Provided information
== == ==
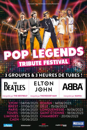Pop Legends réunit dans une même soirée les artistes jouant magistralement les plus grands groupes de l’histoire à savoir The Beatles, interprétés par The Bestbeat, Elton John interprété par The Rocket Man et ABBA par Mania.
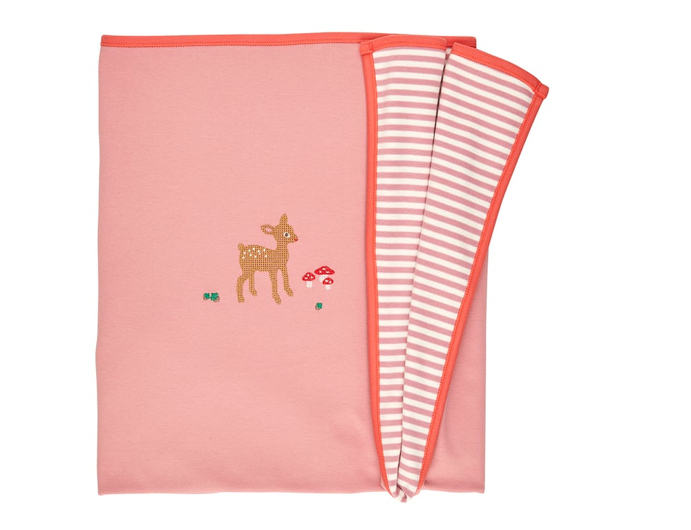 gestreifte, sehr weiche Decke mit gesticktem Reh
== == ==
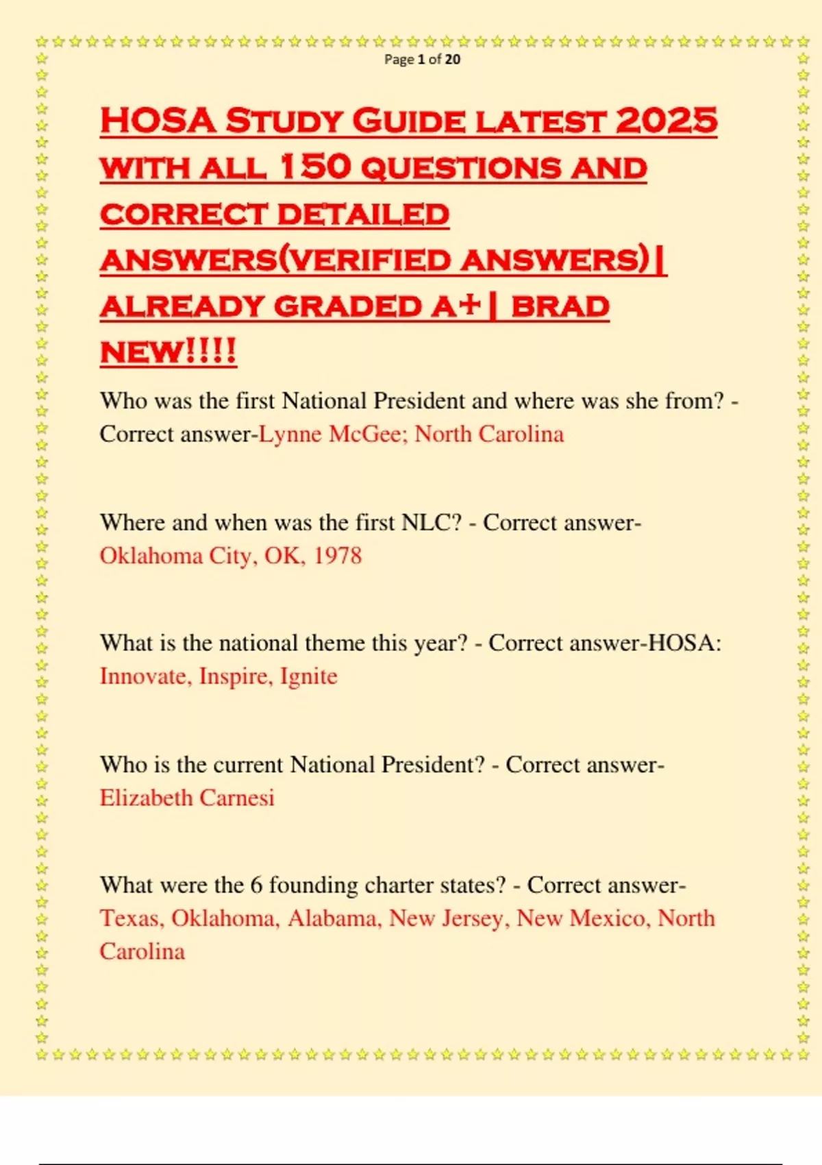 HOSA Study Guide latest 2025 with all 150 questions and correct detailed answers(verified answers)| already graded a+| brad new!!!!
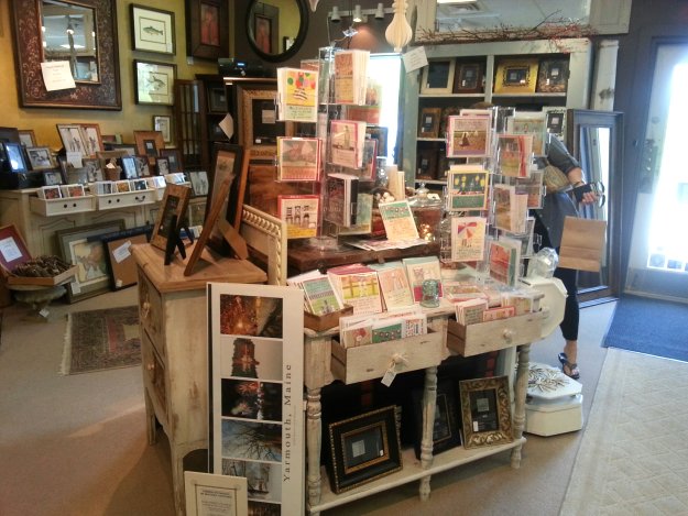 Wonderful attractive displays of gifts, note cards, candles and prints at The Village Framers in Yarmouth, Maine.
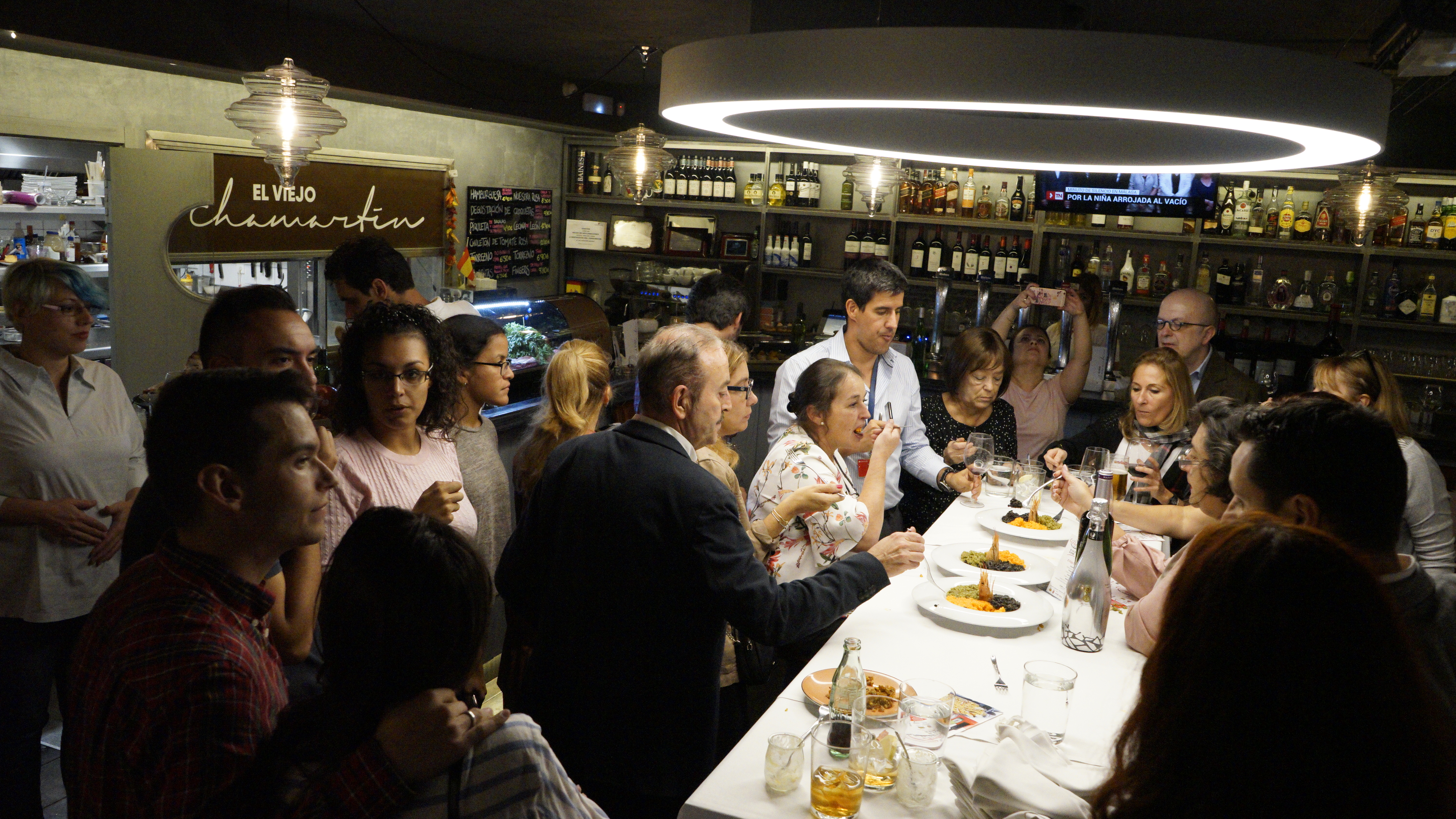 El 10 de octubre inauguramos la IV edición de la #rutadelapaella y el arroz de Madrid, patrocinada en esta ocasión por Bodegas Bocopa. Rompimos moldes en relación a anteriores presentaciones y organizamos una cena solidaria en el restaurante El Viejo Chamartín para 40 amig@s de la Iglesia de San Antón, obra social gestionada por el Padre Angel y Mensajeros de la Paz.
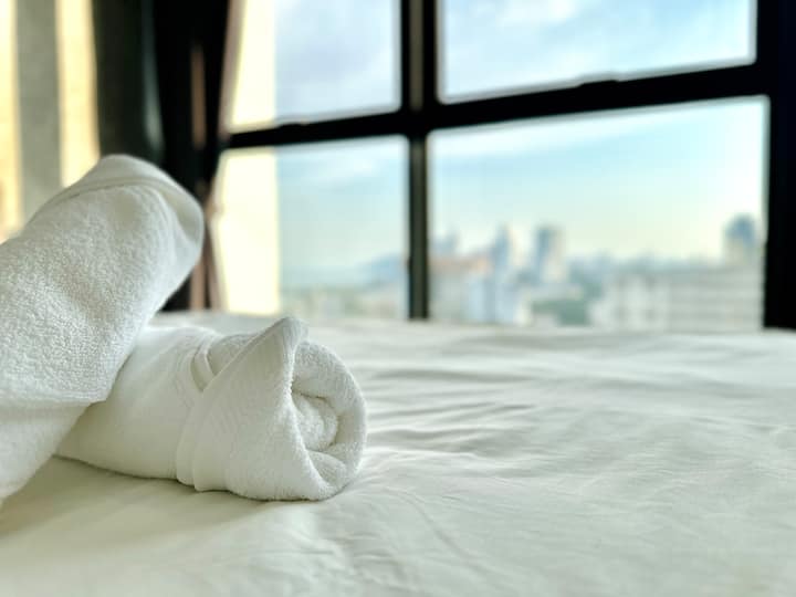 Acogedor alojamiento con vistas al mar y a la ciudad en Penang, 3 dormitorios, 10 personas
== == ==
Problem description
For this exercise, set down the lines in the entries above from the one with "Pop Legends réunit" through the one with "gestreifte, sehr weiche" exactly as written, without any pictures.

Task output
Pop Legends réunit dans une même soirée les artistes jouant magistralement les plus grands groupes de l’histoire à savoir The Beatles, interprétés par The Bestbeat, Elton John interprété par The Rocket Man et ABBA par Mania.
 gestreifte, sehr weiche Decke mit gesticktem Reh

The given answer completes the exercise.